Start of DATASET EXTRACT

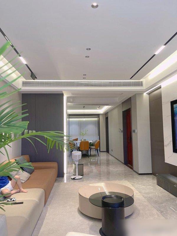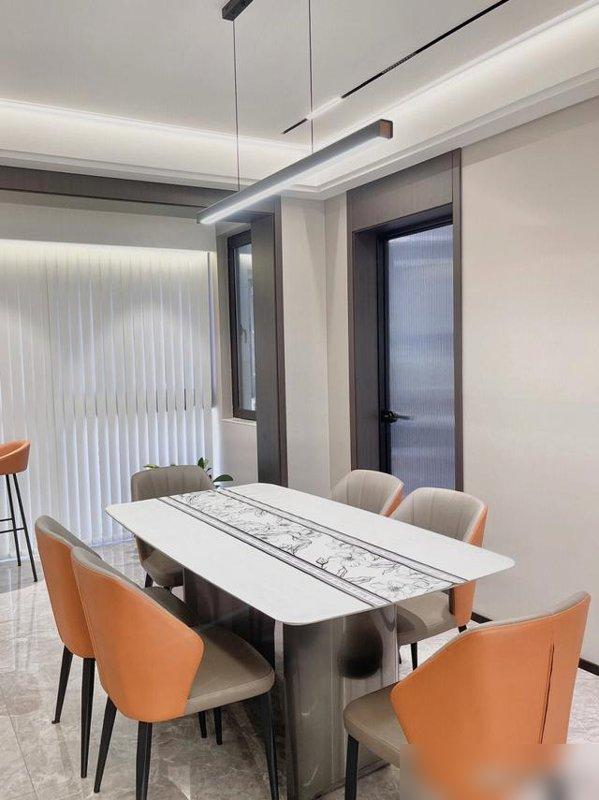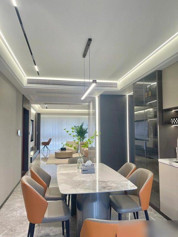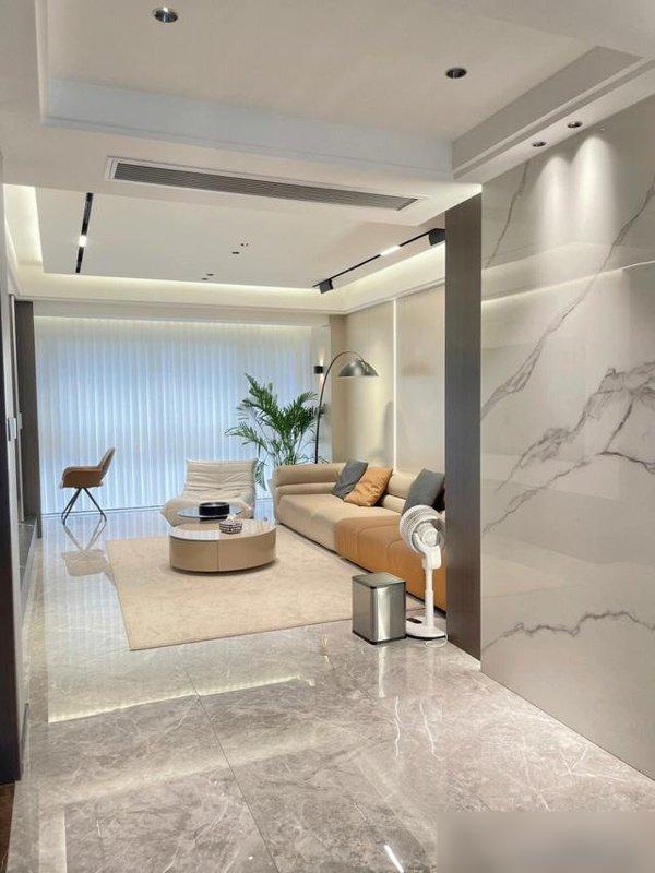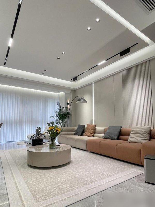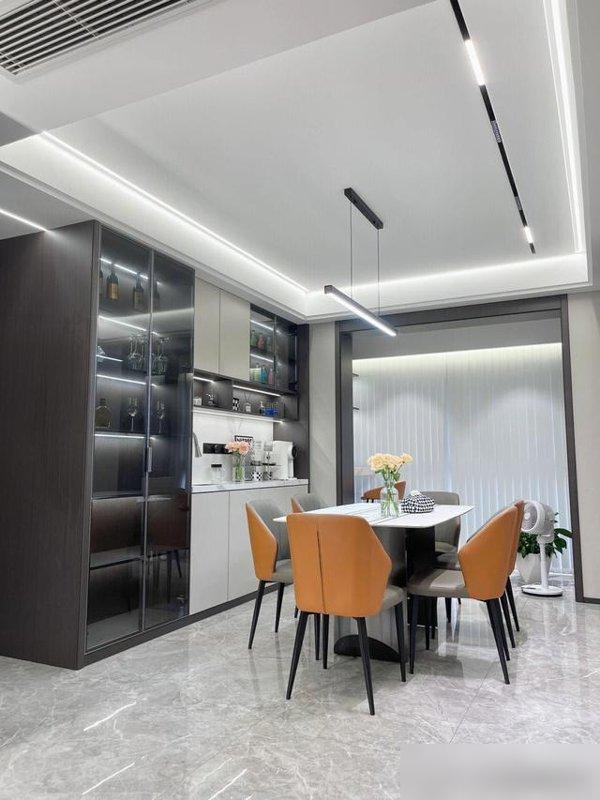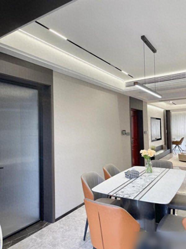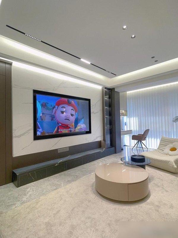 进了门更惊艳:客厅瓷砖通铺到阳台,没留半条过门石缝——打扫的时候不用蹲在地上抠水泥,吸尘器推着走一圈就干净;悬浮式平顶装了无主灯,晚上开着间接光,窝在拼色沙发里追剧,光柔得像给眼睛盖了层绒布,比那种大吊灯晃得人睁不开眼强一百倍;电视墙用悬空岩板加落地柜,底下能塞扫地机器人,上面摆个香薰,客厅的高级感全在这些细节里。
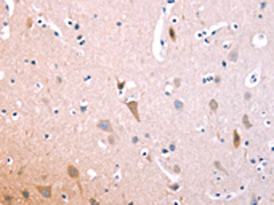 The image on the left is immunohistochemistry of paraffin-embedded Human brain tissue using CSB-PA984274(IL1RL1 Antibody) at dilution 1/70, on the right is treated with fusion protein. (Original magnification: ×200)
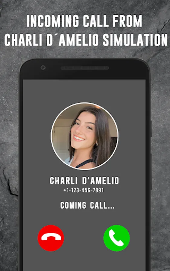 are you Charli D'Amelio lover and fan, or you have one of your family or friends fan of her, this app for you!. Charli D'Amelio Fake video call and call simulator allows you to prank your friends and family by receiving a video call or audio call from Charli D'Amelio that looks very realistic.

End of DATASET EXTRACT

TASK BRIEF: With the pictures removed, write out exactly the lines from the line containing "The image on" through the last line of the material above, both included.

OUTPUT BELOW:
 The image on the left is immunohistochemistry of paraffin-embedded Human brain tissue using CSB-PA984274(IL1RL1 Antibody) at dilution 1/70, on the right is treated with fusion protein. (Original magnification: ×200)
 are you Charli D'Amelio lover and fan, or you have one of your family or friends fan of her, this app for you!. Charli D'Amelio Fake video call and call simulator allows you to prank your friends and family by receiving a video call or audio call from Charli D'Amelio that looks very realistic.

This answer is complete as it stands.